そのようなわがままともいえる思考の自分をしっかりとみつめ、プラスの思考に導いていただいたのが社長であった。いつも優しく、ときには厳しく、いつも自分自身に何かを与えてくれる。「目の前に現れる壁は、乗り越えられるから現れる」逃避から挑戦への思考に導いていただいた。一人ひとりをしっかりとみつめ、成長を促す。ひとに与えるということを実践している後ろ姿をみせていただいた。自分自身に挑戦するためのレールを導いていただいた。絶対にあきらめない姿勢、貫き通す姿を、最後の最後までみせていただいた。その姿から、いつのまにか自分自身もひとの背中を支え、時には押すことができる存在になりたい。ひとつの夢を抱くことができた。そして、未来へとつなぐ約束をした。
自分自身が与えてもらうには、ひとを支えることをしなければならない。この奉仕の精神が自分自身、大切な仲間、組織、地域へと波及していくことで明るい未来が築かれる。それを実践できるのが、この青年会議所である。
どこか自分自身に歯止めをかけて、本気になることから逃げるのが当たり前になっていた自分に、情熱を燃やしてくれる仲間がいるのがこの網走青年会議所である。
この網走青年会議所は、ひととひとの心の絆をつなぎ、互いにもつ糸を引きちぎるのではなく、絡ませて太くしていくことができる組織である。その仲間は、一生その糸をもち続けて、永遠に心の支えになれる、そう信じられる今がある。
永きに亘り不易流行を繰り返してきた71年の歴史と伝統という偉大なるバトンをお預かりする。先輩各氏が永きに亘り紡いできたこの想いを受け継ぎ、高い位置で次世代へと受け継ぐことを成し遂げる。このやり遂げなければならない大きな責任に覚悟をもつことは、私にとって容易ではなかった。

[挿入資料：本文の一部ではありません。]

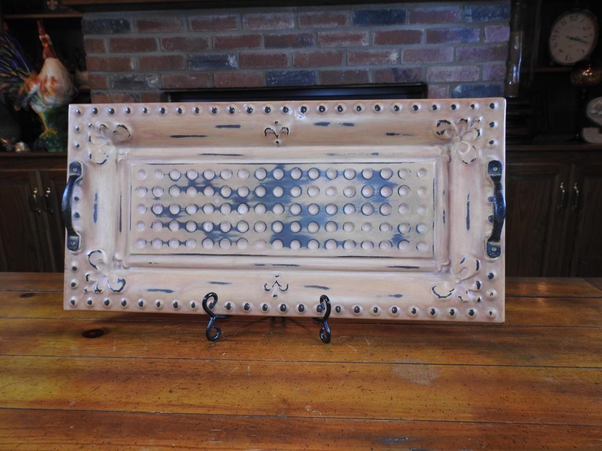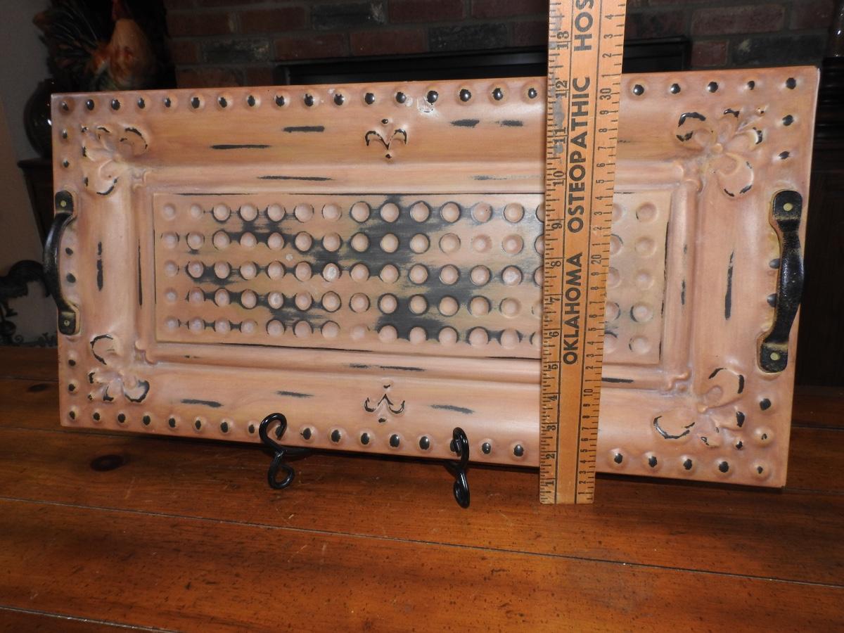 Lightweight, dimpled tray. Could be used for a serving tray or wall decor. measures 12 x 24. Lovely

私は交わした未来へとつなぐ約束を果たすために、自分を高めるべく博士号取得へ向けて大学院に進学し、仕事と自己研鑽の両立を図っている。その中に、歴史と伝統ある網走青年会議所の理事長の職に挑戦することで、何かを犠牲にしてしまわないだろうか、自分自身を追い詰め見失わないだろうか、その不安と葛藤が頭の中を包み込んだ。しかし、挑戦に覚悟をもたせてくれたのは、やはりここにいる仲間の絆であった。
夢を抱いて挑戦することに背中を支えて押してくれる仲間がいる、こんな素晴らしい組織である網走青年会議所で、理事長をさせていただけることに幸せを噛みしめるとともに、責任を全うする覚悟で満ちている。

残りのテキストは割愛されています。